→ **ACTIVITY**
Once you have found the line with "Low Price Floor" in the records below, retype it and every line after it to the end exactly, with no pictures and nothing more.

[DATA TO EXAMINE]

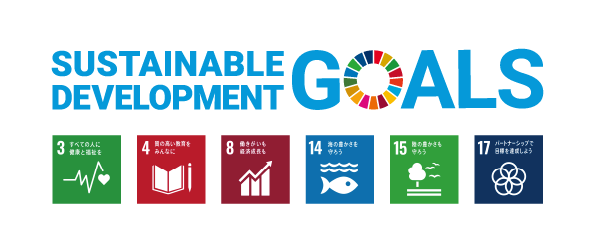 ※ 本リリースの取り組みはSDGsが掲げる17の目標のうち「3・4・8・14・15・17」に貢献しています。
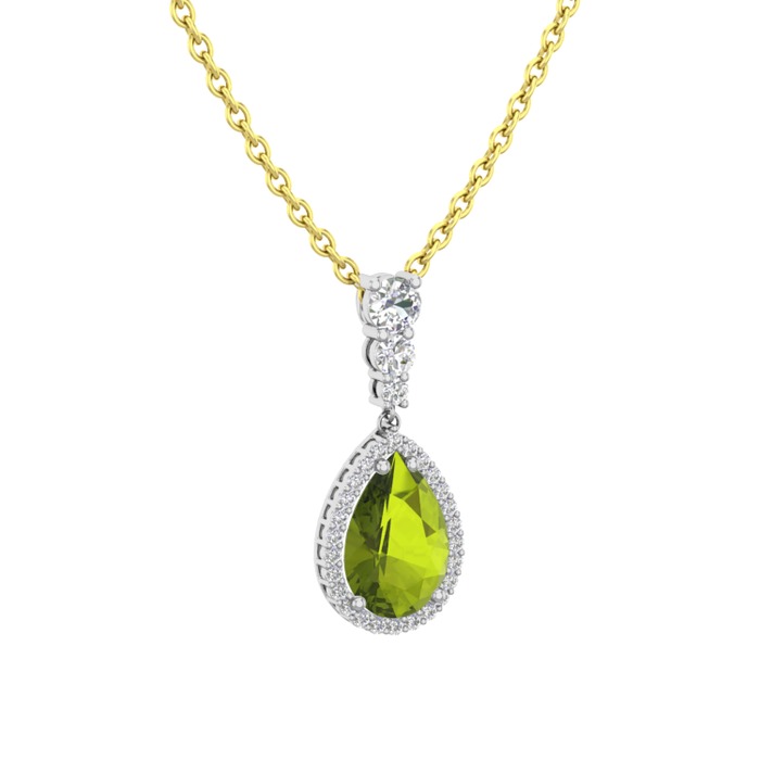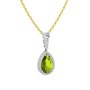 Peridot ve beyaz zirkon 18 ayar beyaz altın kolye (40 cm altın rolo zincir)
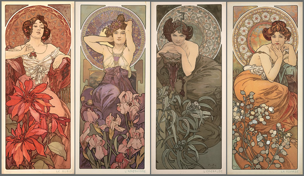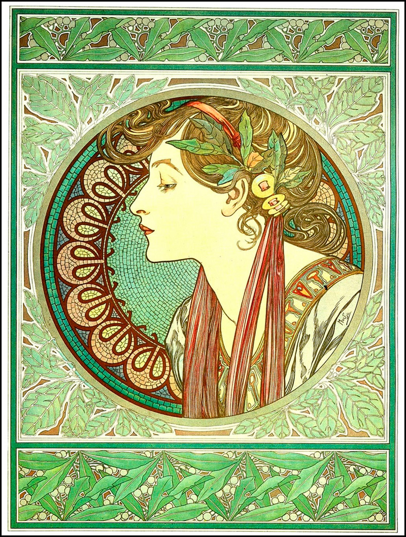 Mucha a exprimé le style Art Nouveau sous des formes claires, distinctes et expressives qui sont facilement mémorisables même par un spectateur inexpérimenté. La pureté de l'expression du style fait de l'œuvre d'Alphonse Mucha un phénomène unique dans l'histoire
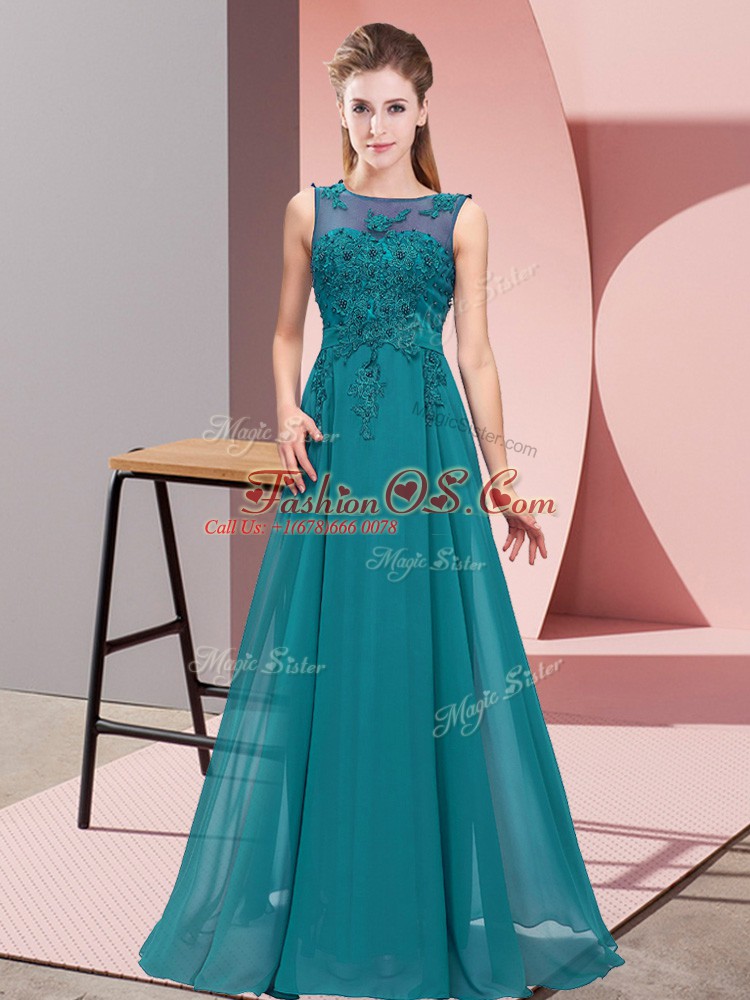 Low Price Floor Length Zipper Damas Dress Teal for Wedding Party with Beading and Appliques
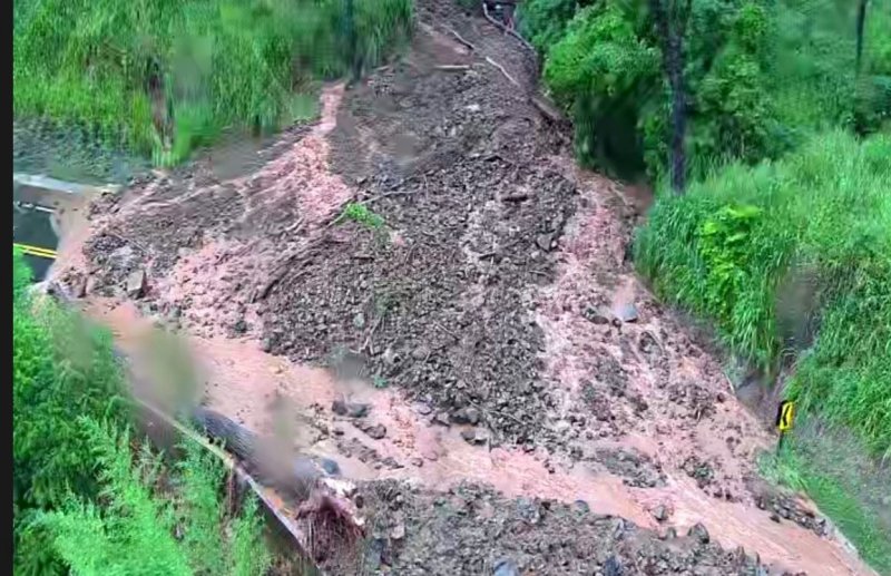 Ao menos cinco quilômetros de pista (km 233 ao km 238) estão com o tráfego de veículos impedido devido ao deslizamento de terra e pedras, provocado pela chuva que caiu pela região.
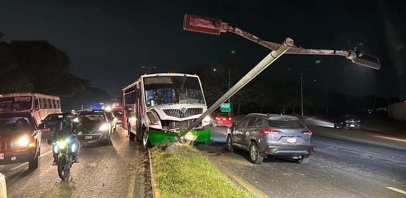 En la carretera federal Veracruz-Xalapa, a la altura de la zona de Las Bajadas, en la ciudad de Veracruz, un autobús de pasajeros de la línea Satea Verde, colisionó contra una luminaria, movilizándose los cuerpos de seguridad, y de la Guardia Nacional.
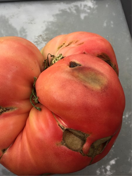 My second biggest is not going to survive storage. It weighed 5.08 off the vine from my 4.38 seed. I had doubts about it making it because of the bruise from the stake. I see the bruise spot going soft...time to harvest some seeds before it starts leaking. At this rate I might be down to 3 pounders by the time Gale Woods arrives.
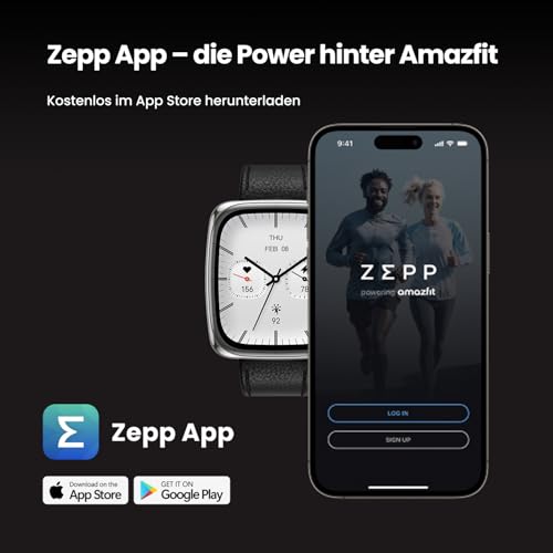 AMAZFIT Active 2 Square NFC Smartwatch Edelstahl Leder, 20 mm, Black

[/DATA TO EXAMINE]

→ **ANSWER FOR THIS EXERCISE**
 Low Price Floor Length Zipper Damas Dress Teal for Wedding Party with Beading and Appliques
 Ao menos cinco quilômetros de pista (km 233 ao km 238) estão com o tráfego de veículos impedido devido ao deslizamento de terra e pedras, provocado pela chuva que caiu pela região.
 En la carretera federal Veracruz-Xalapa, a la altura de la zona de Las Bajadas, en la ciudad de Veracruz, un autobús de pasajeros de la línea Satea Verde, colisionó contra una luminaria, movilizándose los cuerpos de seguridad, y de la Guardia Nacional.
 My second biggest is not going to survive storage. It weighed 5.08 off the vine from my 4.38 seed. I had doubts about it making it because of the bruise from the stake. I see the bruise spot going soft...time to harvest some seeds before it starts leaking. At this rate I might be down to 3 pounders by the time Gale Woods arrives.
 AMAZFIT Active 2 Square NFC Smartwatch Edelstahl Leder, 20 mm, Black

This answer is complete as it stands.